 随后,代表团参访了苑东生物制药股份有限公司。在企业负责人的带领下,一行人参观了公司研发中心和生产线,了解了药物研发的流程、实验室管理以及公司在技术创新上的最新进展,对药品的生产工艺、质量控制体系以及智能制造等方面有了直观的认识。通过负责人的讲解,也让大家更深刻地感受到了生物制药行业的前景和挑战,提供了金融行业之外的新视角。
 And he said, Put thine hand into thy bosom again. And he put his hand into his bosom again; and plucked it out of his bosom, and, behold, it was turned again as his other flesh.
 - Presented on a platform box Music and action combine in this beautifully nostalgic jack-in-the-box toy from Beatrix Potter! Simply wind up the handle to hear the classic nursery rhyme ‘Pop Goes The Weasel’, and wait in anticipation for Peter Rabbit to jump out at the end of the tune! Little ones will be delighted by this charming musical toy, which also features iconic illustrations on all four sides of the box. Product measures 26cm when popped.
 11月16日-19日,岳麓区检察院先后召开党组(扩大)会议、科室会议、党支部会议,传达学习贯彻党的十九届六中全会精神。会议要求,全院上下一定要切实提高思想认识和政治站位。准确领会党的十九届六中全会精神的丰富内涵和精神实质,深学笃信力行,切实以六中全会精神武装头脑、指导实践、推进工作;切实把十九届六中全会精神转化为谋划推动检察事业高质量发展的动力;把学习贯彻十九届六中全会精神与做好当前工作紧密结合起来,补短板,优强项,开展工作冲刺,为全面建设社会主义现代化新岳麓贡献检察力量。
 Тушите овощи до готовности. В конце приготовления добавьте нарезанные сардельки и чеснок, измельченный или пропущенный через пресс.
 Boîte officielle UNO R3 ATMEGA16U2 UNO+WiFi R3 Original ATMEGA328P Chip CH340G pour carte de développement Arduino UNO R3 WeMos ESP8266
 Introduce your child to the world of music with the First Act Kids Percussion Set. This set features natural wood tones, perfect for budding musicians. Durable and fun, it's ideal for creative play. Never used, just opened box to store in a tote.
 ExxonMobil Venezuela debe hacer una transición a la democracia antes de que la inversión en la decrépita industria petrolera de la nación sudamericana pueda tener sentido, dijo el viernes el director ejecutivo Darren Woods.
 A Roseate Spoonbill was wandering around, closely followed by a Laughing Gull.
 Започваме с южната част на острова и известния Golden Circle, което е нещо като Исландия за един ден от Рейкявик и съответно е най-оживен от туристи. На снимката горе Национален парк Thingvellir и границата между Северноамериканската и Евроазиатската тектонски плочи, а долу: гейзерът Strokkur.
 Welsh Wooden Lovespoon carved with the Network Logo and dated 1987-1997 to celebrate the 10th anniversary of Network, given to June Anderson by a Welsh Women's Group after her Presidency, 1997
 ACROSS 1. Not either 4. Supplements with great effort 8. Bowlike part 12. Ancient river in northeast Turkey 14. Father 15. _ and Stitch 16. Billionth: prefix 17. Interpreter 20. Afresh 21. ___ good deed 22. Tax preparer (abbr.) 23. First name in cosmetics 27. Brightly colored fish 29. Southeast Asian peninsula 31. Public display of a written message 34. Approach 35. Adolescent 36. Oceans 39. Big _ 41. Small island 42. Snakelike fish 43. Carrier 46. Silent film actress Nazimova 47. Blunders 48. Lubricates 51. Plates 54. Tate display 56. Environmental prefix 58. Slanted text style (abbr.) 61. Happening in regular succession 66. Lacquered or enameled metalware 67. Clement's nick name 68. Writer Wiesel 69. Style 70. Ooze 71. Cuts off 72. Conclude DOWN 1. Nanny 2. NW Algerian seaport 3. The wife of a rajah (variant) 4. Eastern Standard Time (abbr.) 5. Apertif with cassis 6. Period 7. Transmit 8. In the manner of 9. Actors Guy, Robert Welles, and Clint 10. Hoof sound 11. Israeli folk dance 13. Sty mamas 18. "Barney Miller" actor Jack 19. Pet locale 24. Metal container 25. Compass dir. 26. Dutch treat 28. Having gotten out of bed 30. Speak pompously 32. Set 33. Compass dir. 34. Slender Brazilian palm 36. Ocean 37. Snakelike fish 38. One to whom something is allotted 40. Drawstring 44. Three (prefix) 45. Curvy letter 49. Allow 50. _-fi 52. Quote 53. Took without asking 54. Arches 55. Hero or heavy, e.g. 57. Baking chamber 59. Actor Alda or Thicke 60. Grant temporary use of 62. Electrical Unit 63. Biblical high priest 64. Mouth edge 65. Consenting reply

--- Problem details ---
Output, from the data above, the lines from the line with "Boîte officielle UNO" to the line with "Introduce your child" exactly as they stand, both ends included and nothing else.

--- Solution to the exercise ---
 Boîte officielle UNO R3 ATMEGA16U2 UNO+WiFi R3 Original ATMEGA328P Chip CH340G pour carte de développement Arduino UNO R3 WeMos ESP8266
 Introduce your child to the world of music with the First Act Kids Percussion Set. This set features natural wood tones, perfect for budding musicians. Durable and fun, it's ideal for creative play. Never used, just opened box to store in a tote.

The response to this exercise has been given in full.